Gerade im Leben eines Menschen gibt es tagtäglich Veränderungen, die zum Teil von außen und zum Teil von uns selbst verursacht sind. Die Veränderungen sind möglicherweise elementar. Und sie haben Einfluss auf getroffene und zu treffende Entscheidungen -  immer und immer wieder. Coaching ist eine Möglichkeit mit diesen Änderungen bewusst und gezielt umzugehen. Sie zu bewältigen aber auch zu erkennen, dass sie nicht bewältigungs- oder änderungswert sind. Darum kann es im Coaching keine Misserfolge geben. Es kann wirkungslos sein - aus vielfältigen Gründen. Misserfolg würde dann aber bedeuten, dass der Coach schlecht arbeitet. Das aber ist aus einem wirkungslosen Coaching nicht ableitbar - wegen eben der vielfältigen Faktoren die in einer anderen Konstellation bei genau demselben Vorgehen ein wirkungsvolles Coaching ergeben können. 

Deshalb ist es Unsinn sich damit zu beschäftigen wie man Misserfolg – als Coach – im Coaching vermeiden kann. In dem Moment wo der Coach sich Gedanken darüber macht, ob er misserfolgreich sein kann, unternimmt er Schritte um Misserfolge zu vermeiden. Ein wertbarer Misserfolg wäre ja, dass der/die Coachee das Thema nicht bewältigt oder ein Ziel, einen Änderungswunsch nicht umsetzt. Wenn der Coach nun Zielerreichung, Bewältigung des Änderungswunsches oder Themabewältigung als Erfolg betrachtet, müsste er in die Entscheidungen des Coachee eingreifen um seinen eigenen Erfolg gegebenenfalls zu sichern. Coaching ist aber genau das Gegenteil von Eingreifen. Coaching ist begleiten und vor allem Menschen bei Ihrem Tun, Denken, Fühlen in der Form zu unterstützen, dass sie vertrauen, dass ihrs das für sie richtige ist – unabhängig davon, was andere - auch der Coach - davon halten könnten. So gesehen gibt es für einen Coach tatsächlich nur einen Misserfolg: Der Coach ist nicht in der Lage dem/der Coachee zu vermitteln, dass die Lösung in einem selbst liegt.
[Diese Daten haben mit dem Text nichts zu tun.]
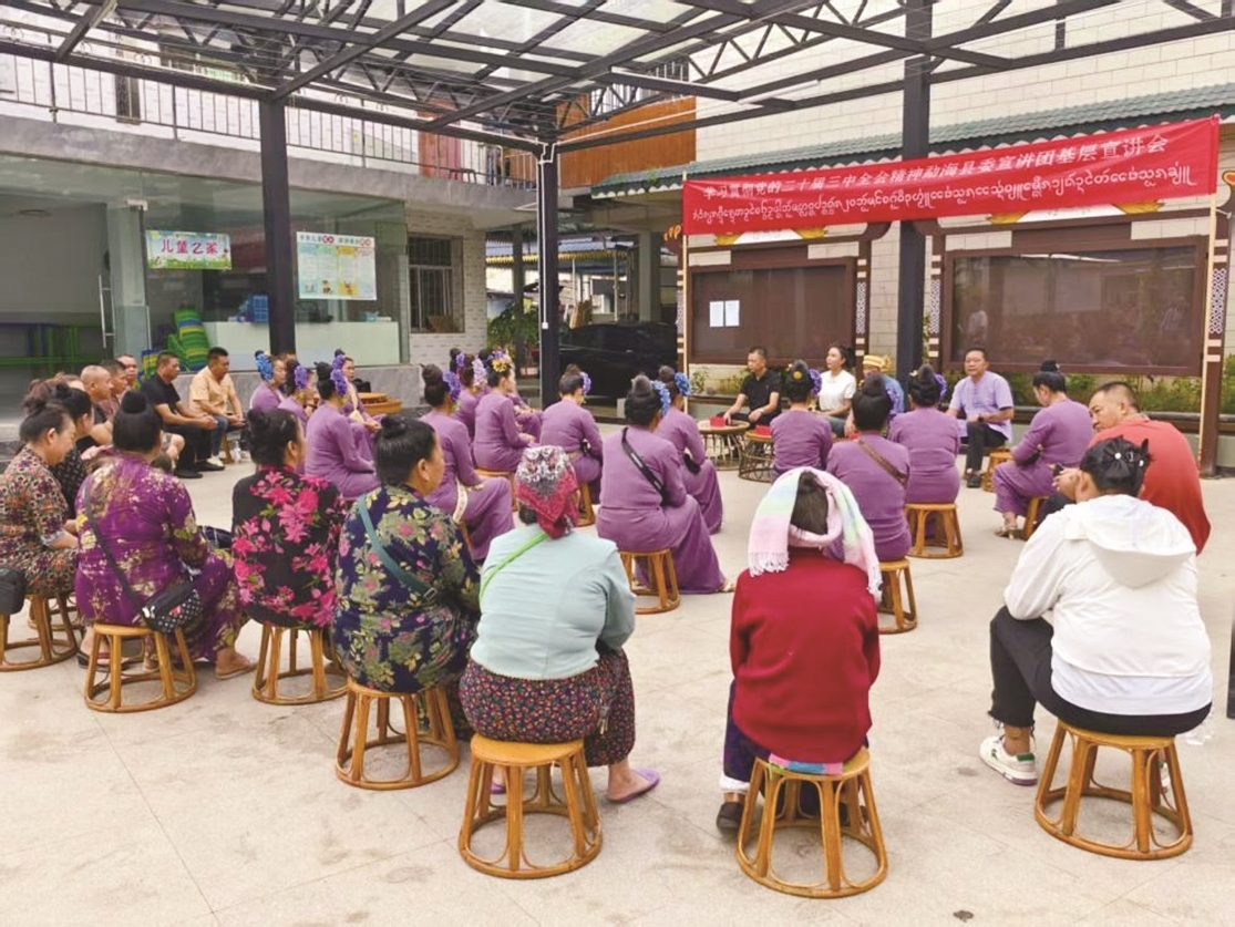 近年来,勐海县勐海镇党委以文明实践所(站)为抓手,统筹志愿服务力量,通过双语宣讲、田间课堂等形式开展“五个普及”活动。目前已组织活动350余次,惠及2.8万余人,将党的关怀与文明新风送到群众身边。图为志愿者在曼袄村民小组宣讲党的二十届三中全会精神。 (陈金 乐志)

Alles andere wie nicht einhalten des Prozesses, stellen falscher Hypothesen, anbieten ungeeigneter Refextionsangebote führen zu einem nicht erreichen von Zielen, nicht bewältigen von Änderungswünschen usw., 

Hier ist aber nicht von Misserfolg eines Coachings auszugehen, sondern vom Versagen des Coach im Ganzen.
Bei einer Operation, die von einem Arzt der nicht operieren kann durchgeführt wird und die schiefgeht spricht man ja auch nicht von Misserfolg. Um Misserfolg haben zu können, müsste Erfolg ja zumindest möglich gewesen sein. In beiden o.g. Fällen ist dies aber nicht der Fall. 

Somit bildet sich die These, ein Coach ist unfehlbar und verantwortet somit auch nichts? Die Antwort lautet – schon wieder - Nein.

Im Coaching muss der Coach darauf achten, dass der/die Coachee die selbsterkannten Zusammenhänge in seinem Thema und die selbsterkannten und ihm/ihr zur Verfügung stehenden Ressourcen findet und nutzen kann. Dazu bedient sich der Coach eines Prozesses, Reflexionsmöglichkeiten, Interventionsmethoden usw. usw.. Diese Hilfsmittel werden aus wissenschaftlich überprüfbaren Gegebenheiten abgeleitet und aus durch den Coach gestellten Hypothesen dem/der Coachee sinn- und zusammenhangsbehaftet zur Verfügung gestellt. Hier wird ein Coach der sein Handwerk nicht beherrscht möglicherweise keine oder die falschen Hilfen anbieten vielleicht auch zum falschen Zeitpunkt. In solch einem Fall ist das Coaching aber kein Misserfolg, sondern der Coach schlicht unfähig.


Um einen Coach zu finden der hilft, ist also nicht die Frage wichtig, was ist für den Coach Misserfolg sein kann, sondern woran erkennt man, ob ein Coach meinen Erfolg ermöglichen kann.